Unter diesem Gesichtspunkt betrachtet, war wahrscheinlich bereits die Nominierung Brandts als Kanzlerkandidat ein Fehler. Es ist nämlich der CDU/CSU, nicht zuletzt über den Passauer Zeitungsverleger Kapfinger, durch ständige Angriffe gelungen, Brandt ins Zwielicht zu bringen. (Dabei spielte es keine Rolle, daß Kapfinger selbst eine höchst umstrittene Persönlichkeit ist.) Es ist eine Tatsache, daß bei Befragungen Brandt weit weniger Stimmen in der Bevölkerung für sich hat als seine Partei, während es bei der CDU und Ludwig Erhard gerade umgekehrt ist.
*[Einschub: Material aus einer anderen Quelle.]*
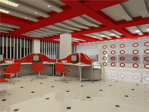 1、時(shí)尚服裝公司辦公室門廳裝修設(shè)計(jì):采用大紅色為主色調(diào)凸顯了服裝設(shè)計(jì)公司的一種很奔放的一種美感。前臺(tái)和休息區(qū)是一個(gè)整體的空間,利用展示架把它們成功的分成了兩個(gè)區(qū)域,互相獨(dú)立又協(xié)調(diào)統(tǒng)一。紅色的亞克力燈也是很搶眼具有一種很時(shí)尚現(xiàn)代的美感并且與會(huì)議室互相呼應(yīng)使整個(gè)設(shè)計(jì)做的比較整體。會(huì)議室的窗洞是采用像服裝樣式的異性口開洞凸顯了整個(gè)設(shè)計(jì)主題。辦公空間整個(gè)設(shè)計(jì)用簡(jiǎn)約的線條以及時(shí)尚的家具打造一種很熱烈奔放富有激情的公司氛圍。
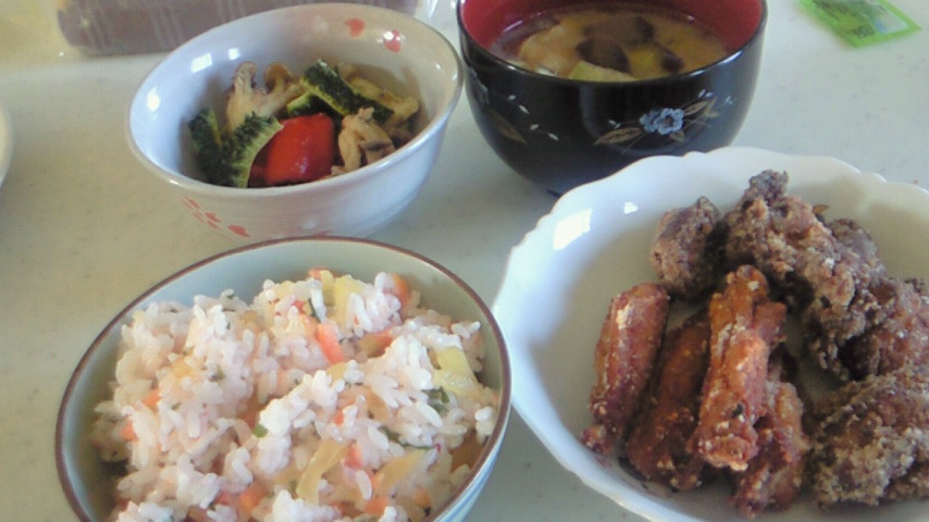 今夜は、何にしようか?ゴーヤー、シメジ、パプリカを素揚げにしてサラダっぽく。

Es wäre daher vom
Standpunkt der SPD geschickter gewesen, Fritz Erler zu benennen, der auch in Karlsruhe als Redner durch seine ruhige Sachlichkeit mehr überzeugt hat.
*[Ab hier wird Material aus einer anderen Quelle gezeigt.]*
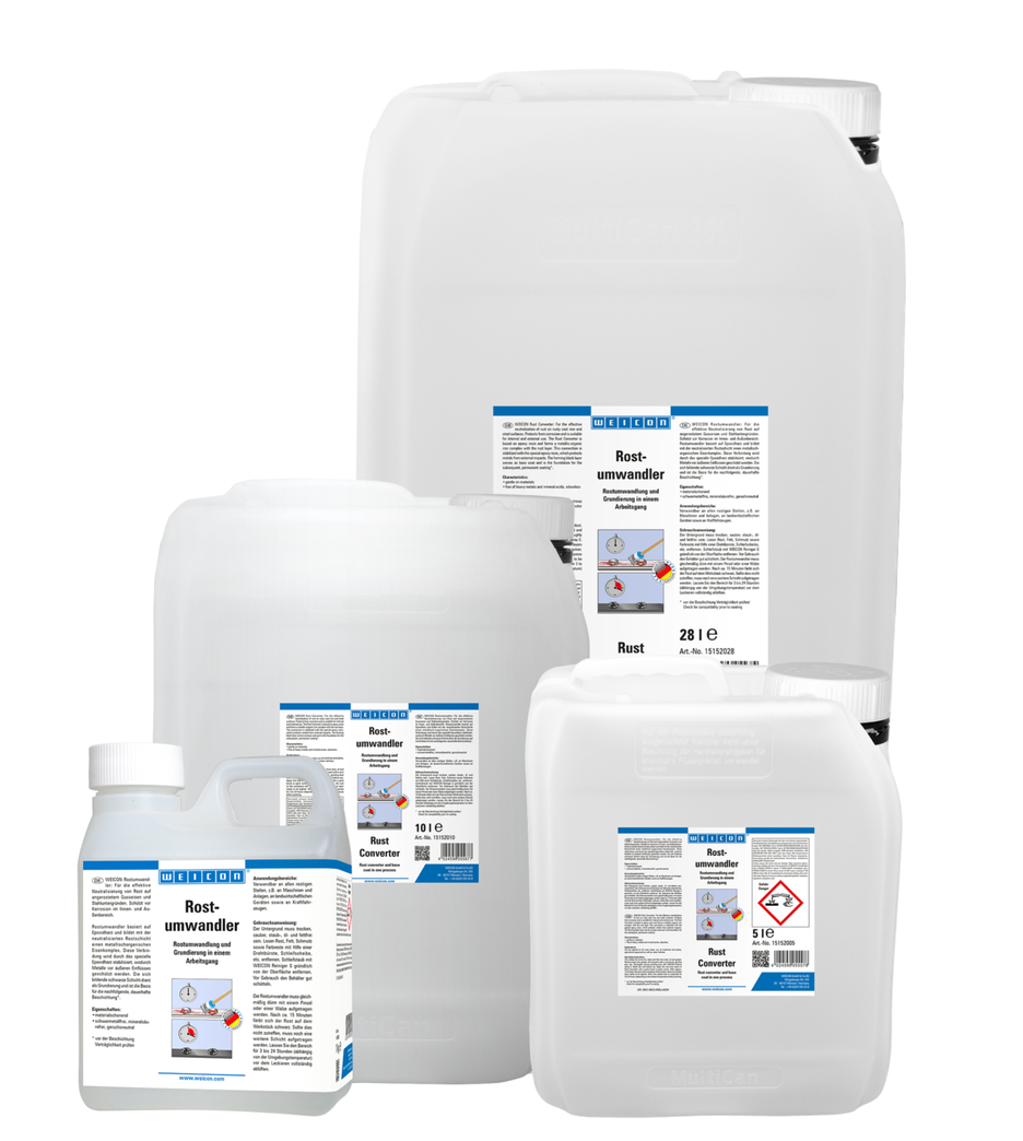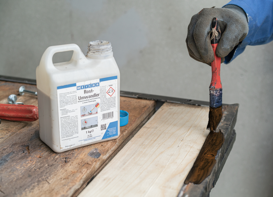 WEICON Rust Converter neutralises rust on corroded iron and steel surfaces and reliably stops corrosion. With its special formula of acid and tannin, the rust converter penetrates the rust. It chemically converts iron oxides into a stable layer and provides temporary corrosion protection through zinc phosphate. Depending on the carbon content of the metal, the treated area changes colour to bluish, brownish or black. The layer provides the perfect base for subsequent protective coatings, e.g. with WEICON Zinc Spray. WEICON Rust Converter achieves optimal results on lightly rusted surfaces with a rust grade of A and B. Loose rust and loose parts should be removed mechanically beforehand. The converter only becomes active when applied to rust or metal and can be used extensively on all rusted areas, such as on machines and equipment, agricultural machinery and motor vehicles. Unlike other converters, WEICON Rust Converter can be washed off the treated surface with clean water and a sponge or soft brush once the reaction time is over. This way, residues that have formed during the conversion process are removed.

Im Schatten des Labour-Sieges
Ein weiterer Einwand gegen eine SPD-Regierung bietet der Vergleich mit.der englischen Labour-Regierung. War man anfangs geneigt, den Sieg der Labour-Party als ein gutes Omen für die SPD zu werten, so haben die ersten Maßnahmen Wilsons genügt, um die Lage der SPD weniger günstig zu gestalten. Die großen finanziellen Schwierigkeiten,
denen sich England gegenübersieht, gehen ja nicht zuletzt auf die Ankündigung der Verstaatlichung der Metallindustrie zurück, die einen Abzug des internationalen Kapitals und damit den Sturz des Pfunds zur Folge hatte. Es ist nicht schwer, nach diesem Vorbild ähnliches für Deutschland nach einem SPD-Sieg zu prophezeihen, auch wenn die Verhältnisse anders liegen und die SPD gar nicht an Verstaatlichungen denkt. Nichts aber wirkt in Deutschland heute so tödlich, wie eine auch nur angedeutete Gefährdung der wirtschaftlichen Prosperität.
So steht der SPD ein sehr unangenehmer Wahlkampf bevor, der nicht allein mit Siegeszuversicht zu gewinnen ist. Eine Reihe überdurchschnittlicher Wahlsiege bei Landtags- und Kommunalwahlen und die politische Lage haben der SPD unzweifelhaft eine günstige Ausgangslage verschafft. Ihre Haltung war auch in Karlsruhe deutlich von taktischen Überlegungen überschattet, die in einem Wahlkampf, den man auf Sieg anlegt, fehl am Platze sind. Brandts Devise: „Wir wollen regieren, nicht nur mitregieren“, fehlte daher eine erforderliche Glaubwürdigkeit.